(What you are asked to do):
This task calls for the lines below starting at the one containing "Pistachio green satin" and ending at the one containing "馬廠類型,蘭州市土谷臺(tá", repeated exactly with both ends kept and pictures left out.

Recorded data
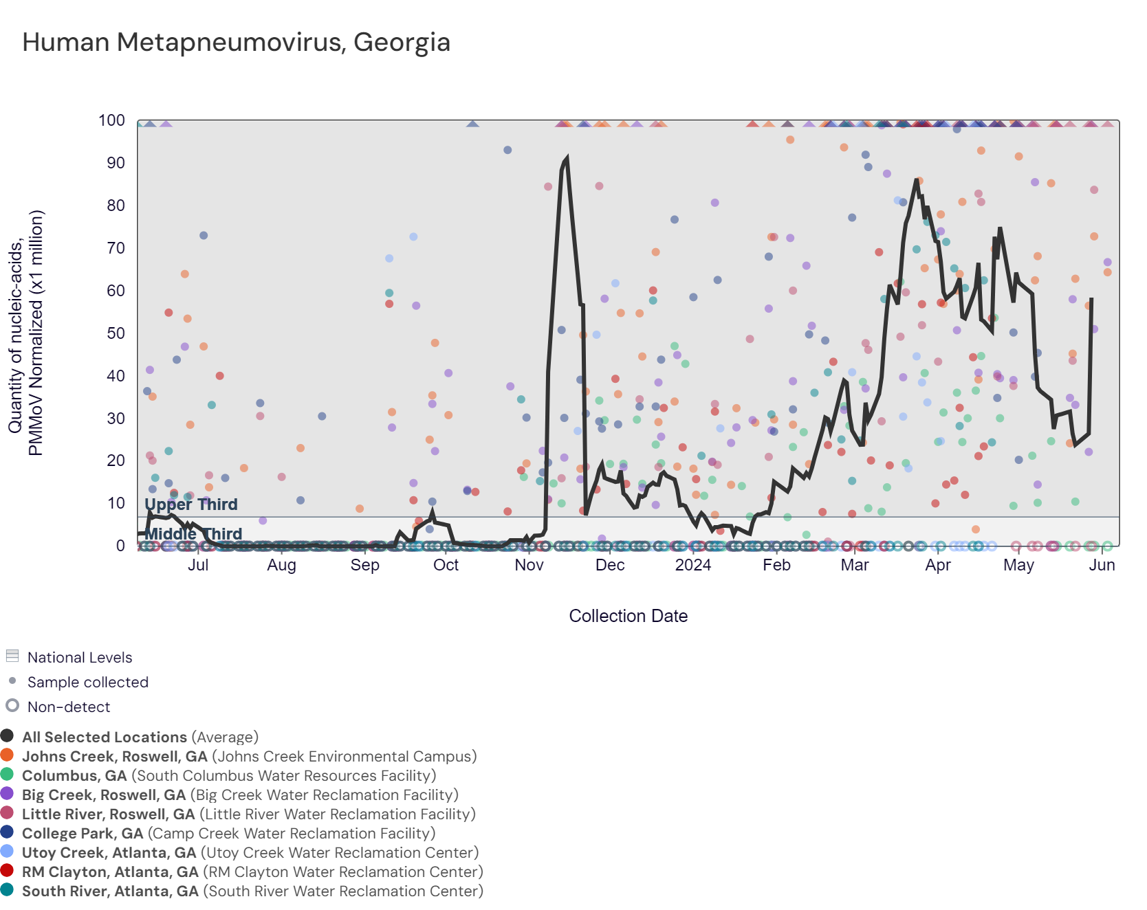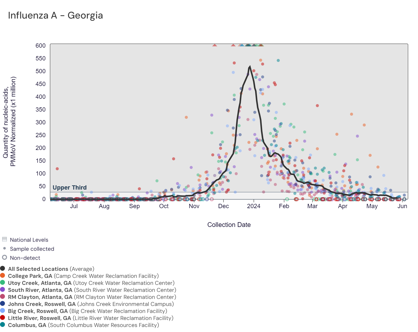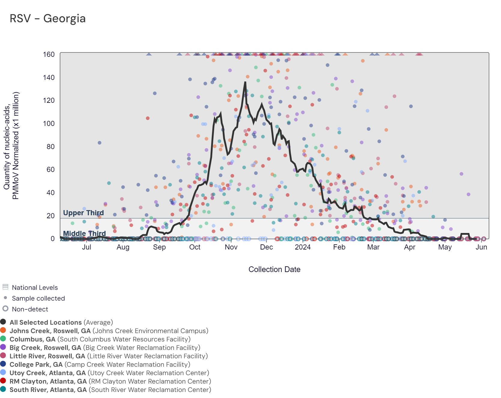 Respiratory syncytial virus (RSV) RNA has not been detected at these Georgia sites over the last two weeks. The chart below includes the raw data for each site since 2023. The aggregated line below shows that RSV RNA concentrations among Georgia sites are near the bottom of the middle third level of all concentrations measured in the last year. Nationally, RSV is not in onset.
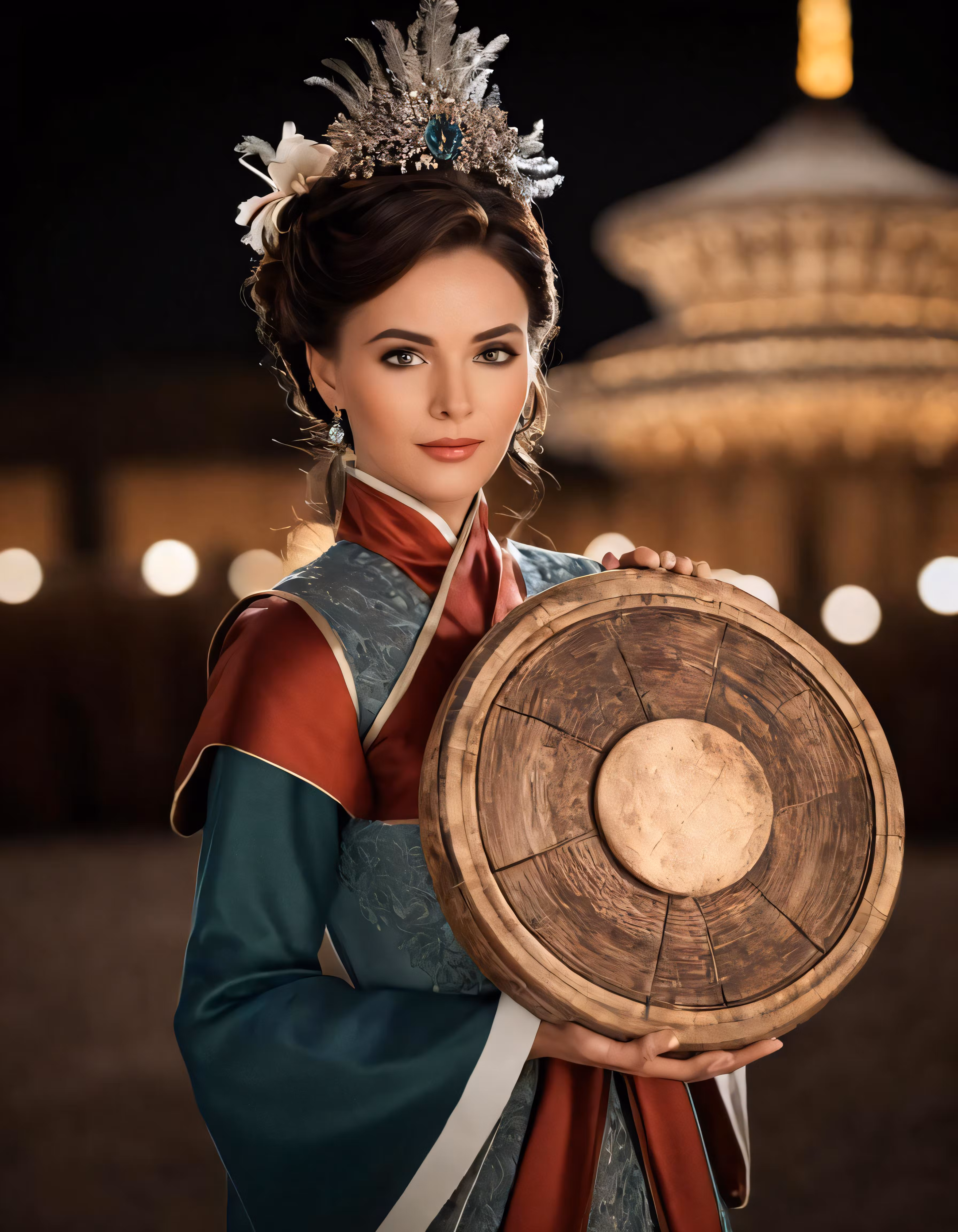 High resolution picture, free to use, a woman wearing a costume holds onto a wooden object
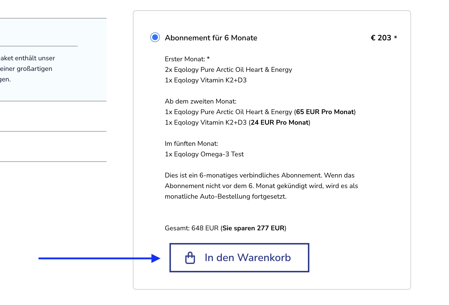 Wie Sie sehen können, wurde auch das Bild des Vorteilspakets geändert. In der Beschreibung des Abonnements sehen Sie außerdem, dass der Preis für K2+D3 bei 24 Euro liegt – das ist ein noch günstigerer Preis pro K2+D3-Paket als beim K2+D3-Monatsabonnement.
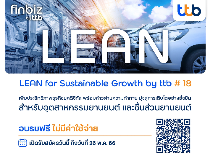 ทีทีบี เปิดรับสมัครหลักสูตรอบรม LEAN for Sustainable Growth by ttb รุ่น 18 สำหรับอุตสาหกรรมยานยนต์และชิ้นส่วนยานยนต์ เพิ่มประสิทธิภาพธุรกิจยุคดิจิทัล
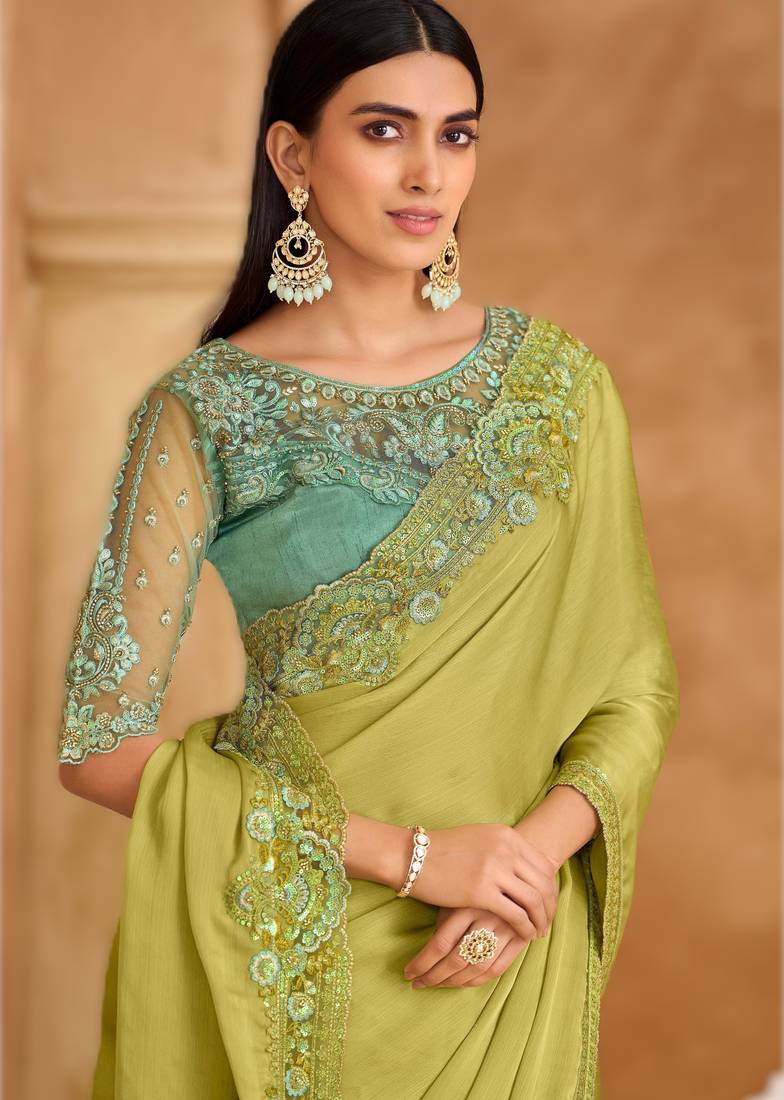 Pistachio green satin chiffon saree with banglori work blouse
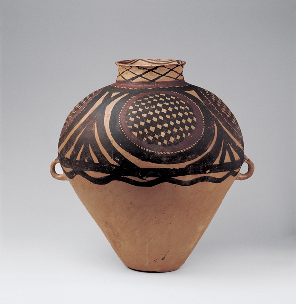 馬廠類型,蘭州市土谷臺(tái)出土??趶?3.9厘米,底徑12厘米,高44.5厘米。泥質(zhì)橙黃陶。施黑,紅彩,口內(nèi)繪一圈帶紋和連弧紋,頸部繪菱格紋,肩腹部用黑紅兩色繪二方連續(xù)的四大圓圈紋,圓圈內(nèi)填方格紋。腹中部繪黑色帶紋和一圈水波紋。四大圓圈紋,顯示了馬廠類型彩陶的獨(dú)特文化風(fēng)格。
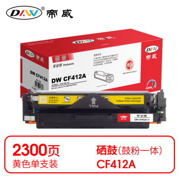 - 商品名称:帝威 DW CF412A 硒鼓(带芯片) 专业版 适用惠普HPColorLaserJetProM452/M377/M477 打印量2300页 黄色 单位:支

(Finished task):
 Pistachio green satin chiffon saree with banglori work blouse
 馬廠類型,蘭州市土谷臺(tái)出土??趶?3.9厘米,底徑12厘米,高44.5厘米。泥質(zhì)橙黃陶。施黑,紅彩,口內(nèi)繪一圈帶紋和連弧紋,頸部繪菱格紋,肩腹部用黑紅兩色繪二方連續(xù)的四大圓圈紋,圓圈內(nèi)填方格紋。腹中部繪黑色帶紋和一圈水波紋。四大圓圈紋,顯示了馬廠類型彩陶的獨(dú)特文化風(fēng)格。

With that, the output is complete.